Records shown:
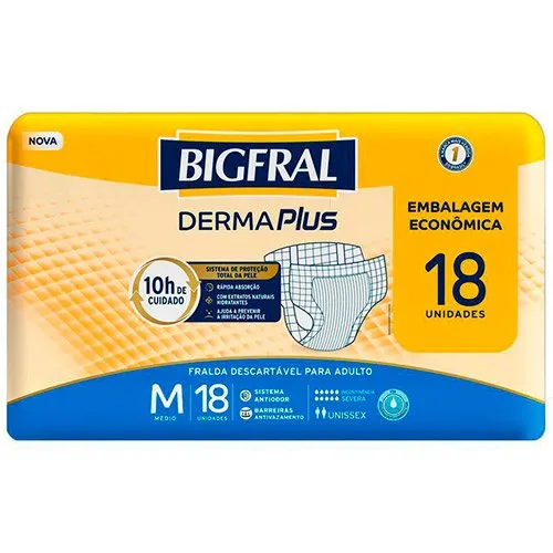 Fralda Descartável Geriátrica Adulto Bigfral Derma Plus Econômica Tamanho M 18 unidades
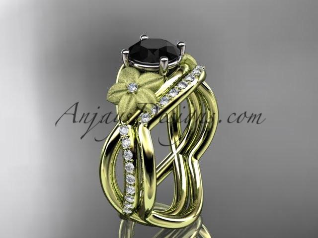 14k yellow gold diamond leaf and vine wedding ring, engagement set with a Black Diamond center stone ADLR90S
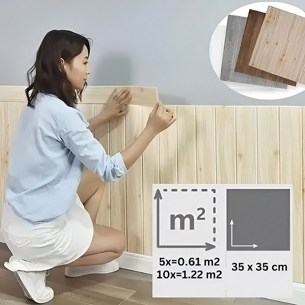 Iga pakend sisaldab 5 tükki (35×35 cm), mis katavad 0,61 m². Enne alustamist arvutage välja, kui palju pakke te vajate, lähtudes teie seinapinnast. Ostke suuremate pindade jaoks rohkem pakke ja nautige mahusoodustusi!
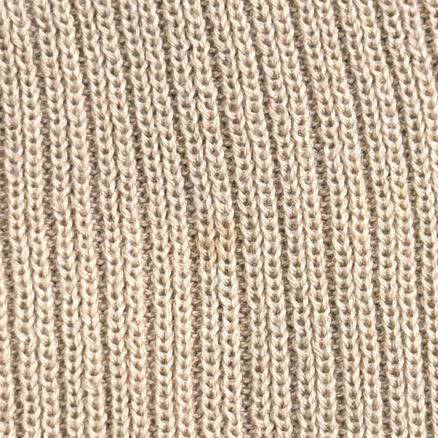 コットン100%素材を使用したリブ編みのニットで、畝のある縦ラインがすっきりとした印象。ウールニットに比べてチクチク感がなく、軽やかな着心地が魅力です。
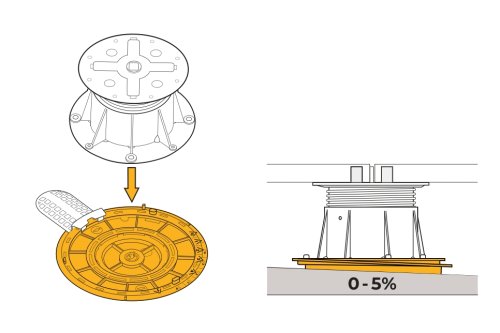 Pomocou korektora U-PH5 je možné upraviť sklon od 0 do 5 % v intervaloch po 0,5 %. Vďaka tomu je ľahké vytvoriť napríklad požadovaný spád terasy alebo dorovnať podlahu na šikmom podklade. Nastavenie a použitie je ľahké, presné, stabilné a trvalé.
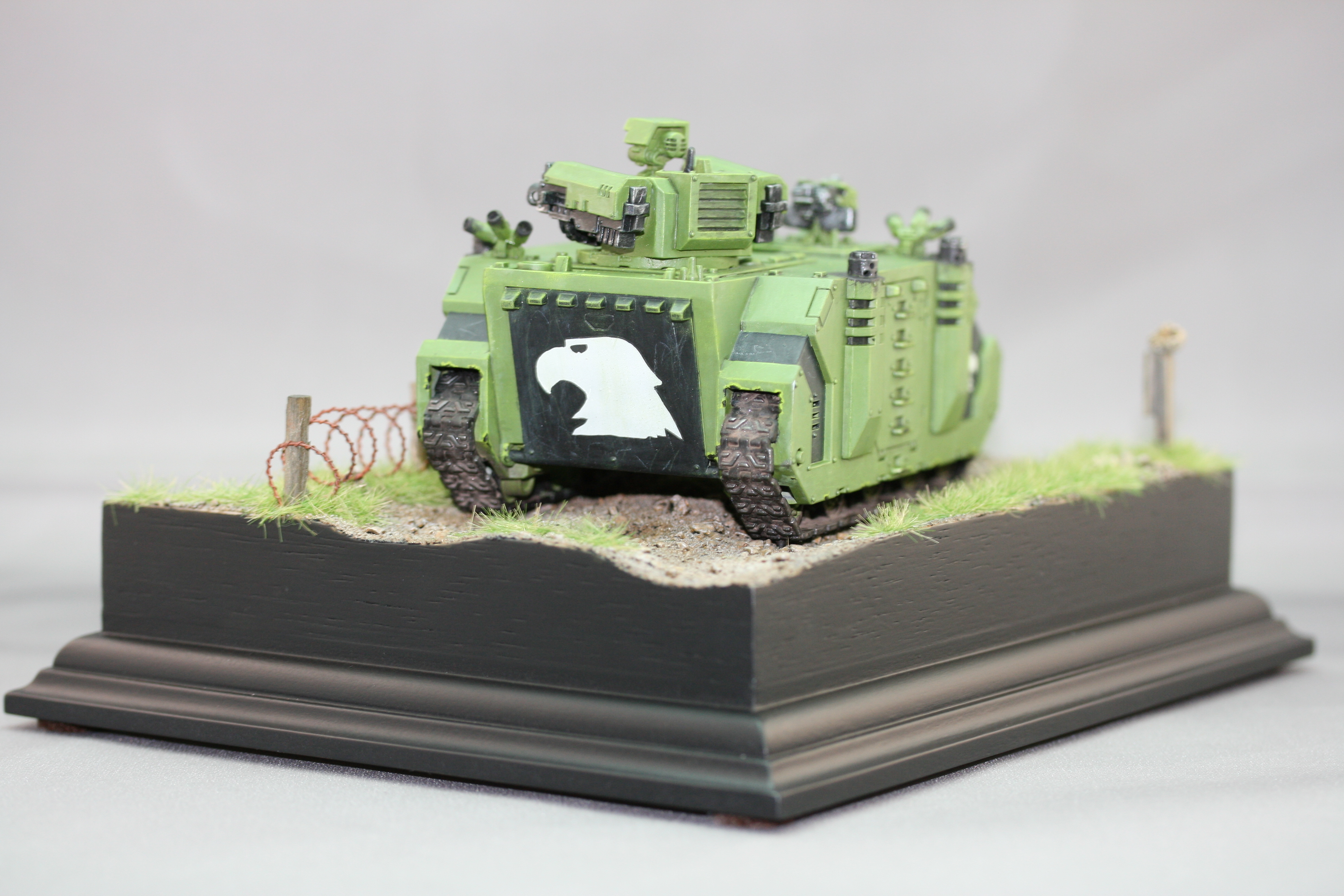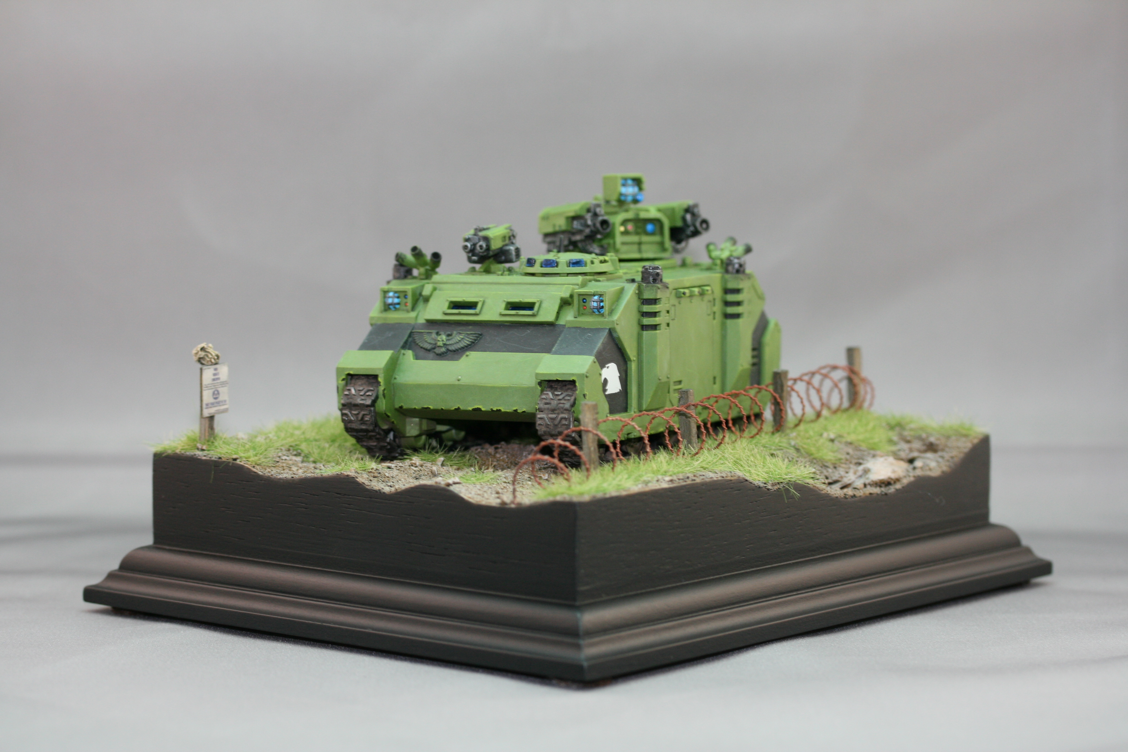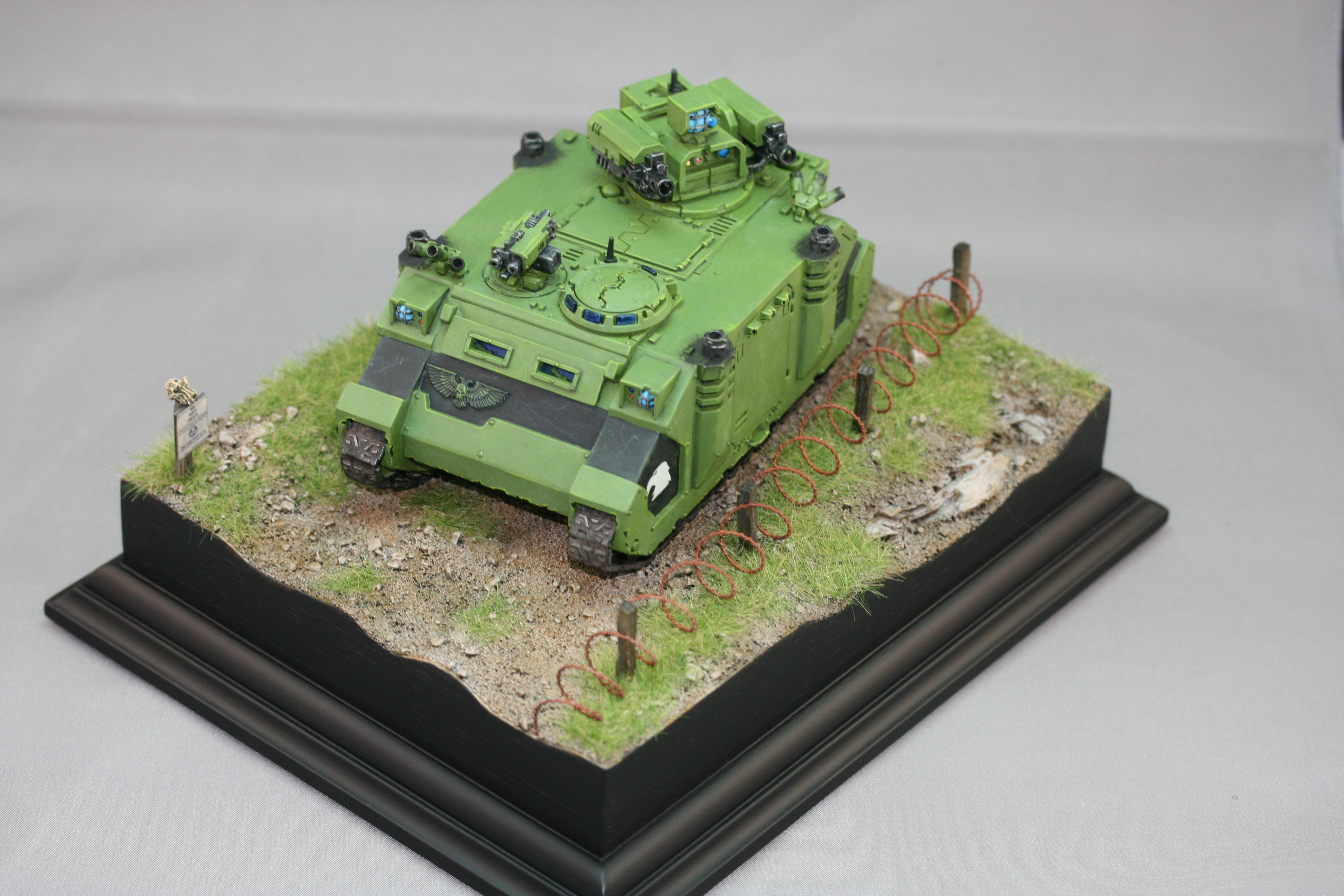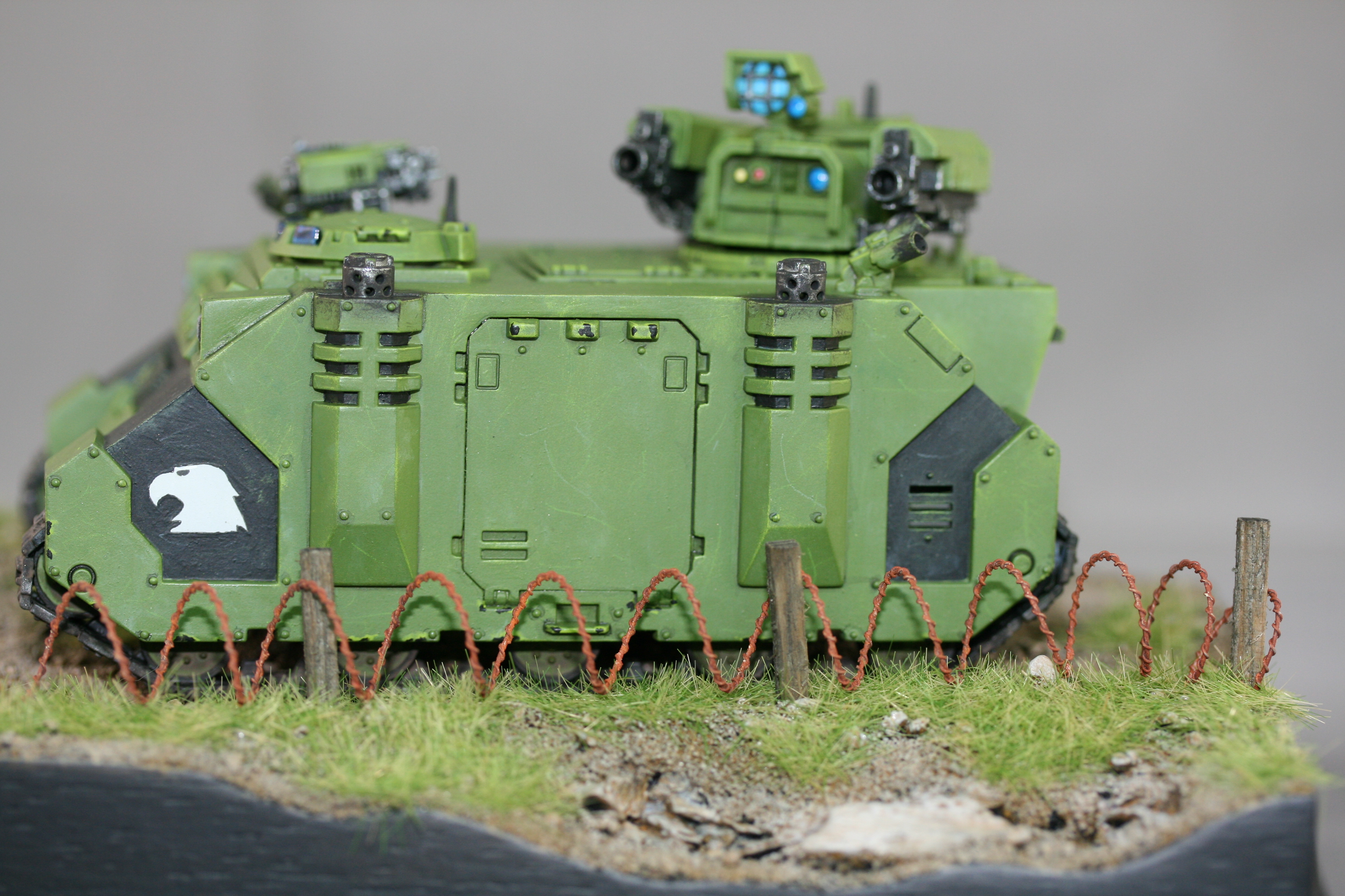 I like it, especially the barrels of the heavy bolters. It should have some unit markings like vehicle number, a name perhaps, some sort of devotional scripts/purity seals, cmapaigns it's taken part in etc. The ground looks good too though a tread pattern behind the tracks would look even better, at least have no stones sticking up where the rhino's been.
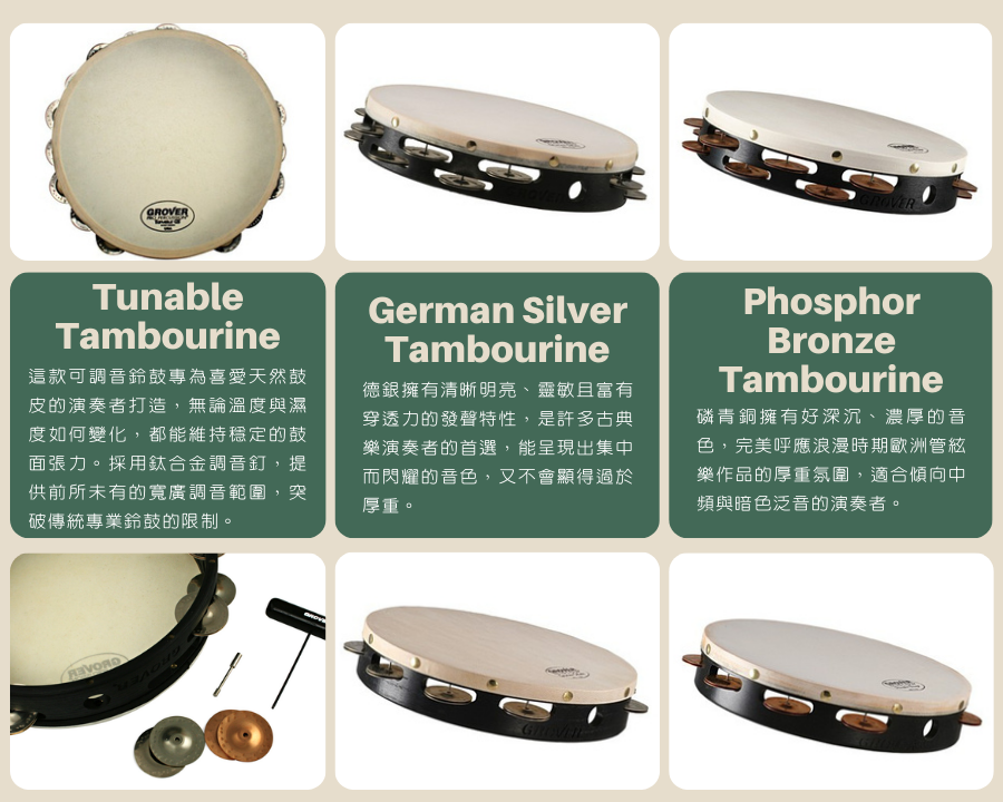 Grover Projection-Plus™系列專業型鈴鼓手工精鍊的鈴片音色宛如合唱般,有著豐厚的聲響,交錯配置的鈴片,製造360°勻稱的音響;提供各種合金鈴片規格=多種音色選項,雙寬鈴片插栓,讓鈴片發出悅耳的鳴響;鼓框設計椎形凹面,讓手感握起來更舒適,也更容易控制。
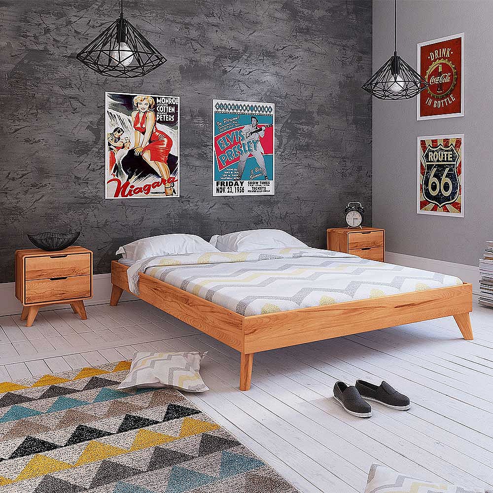 Doppelbett aus Kernbuche Massivholz Kopfteil (dreiteilig)
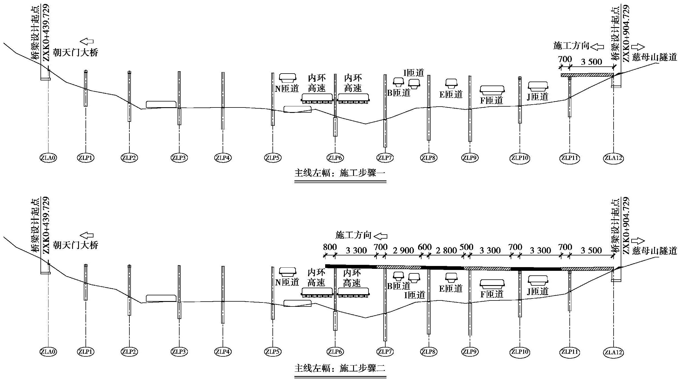 ⑤机场快速通道跨越内环高速,采用钢盖梁门架和吊装施工。
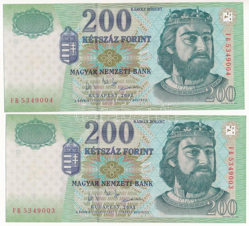 Beschreibung: 2003. 200Ft "FB" (2x) sorszámkövetők T:AU
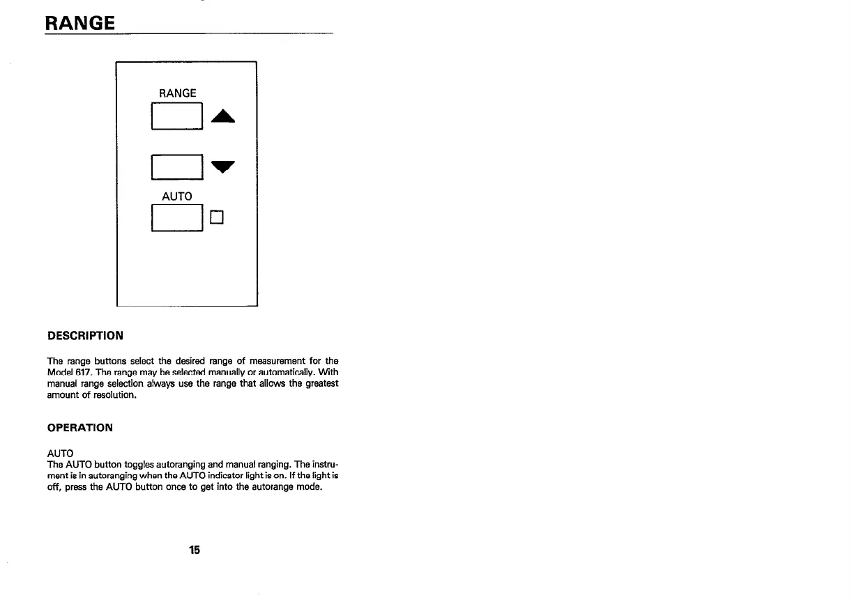 The AUTO button toggles autoranging and manual ranging. The instru-

What you need to do: Within the listing above, find the line containing "Iga pakend sisaldab", then print it and every line after it exactly, leaving out pictures.

Exercise response:
 Iga pakend sisaldab 5 tükki (35×35 cm), mis katavad 0,61 m². Enne alustamist arvutage välja, kui palju pakke te vajate, lähtudes teie seinapinnast. Ostke suuremate pindade jaoks rohkem pakke ja nautige mahusoodustusi!
 コットン100%素材を使用したリブ編みのニットで、畝のある縦ラインがすっきりとした印象。ウールニットに比べてチクチク感がなく、軽やかな着心地が魅力です。
 Pomocou korektora U-PH5 je možné upraviť sklon od 0 do 5 % v intervaloch po 0,5 %. Vďaka tomu je ľahké vytvoriť napríklad požadovaný spád terasy alebo dorovnať podlahu na šikmom podklade. Nastavenie a použitie je ľahké, presné, stabilné a trvalé.
 I like it, especially the barrels of the heavy bolters. It should have some unit markings like vehicle number, a name perhaps, some sort of devotional scripts/purity seals, cmapaigns it's taken part in etc. The ground looks good too though a tread pattern behind the tracks would look even better, at least have no stones sticking up where the rhino's been.
 Grover Projection-Plus™系列專業型鈴鼓手工精鍊的鈴片音色宛如合唱般,有著豐厚的聲響,交錯配置的鈴片,製造360°勻稱的音響;提供各種合金鈴片規格=多種音色選項,雙寬鈴片插栓,讓鈴片發出悅耳的鳴響;鼓框設計椎形凹面,讓手感握起來更舒適,也更容易控制。
 Doppelbett aus Kernbuche Massivholz Kopfteil (dreiteilig)
 ⑤机场快速通道跨越内环高速,采用钢盖梁门架和吊装施工。
 Beschreibung: 2003. 200Ft "FB" (2x) sorszámkövetők T:AU
 The AUTO button toggles autoranging and manual ranging. The instru-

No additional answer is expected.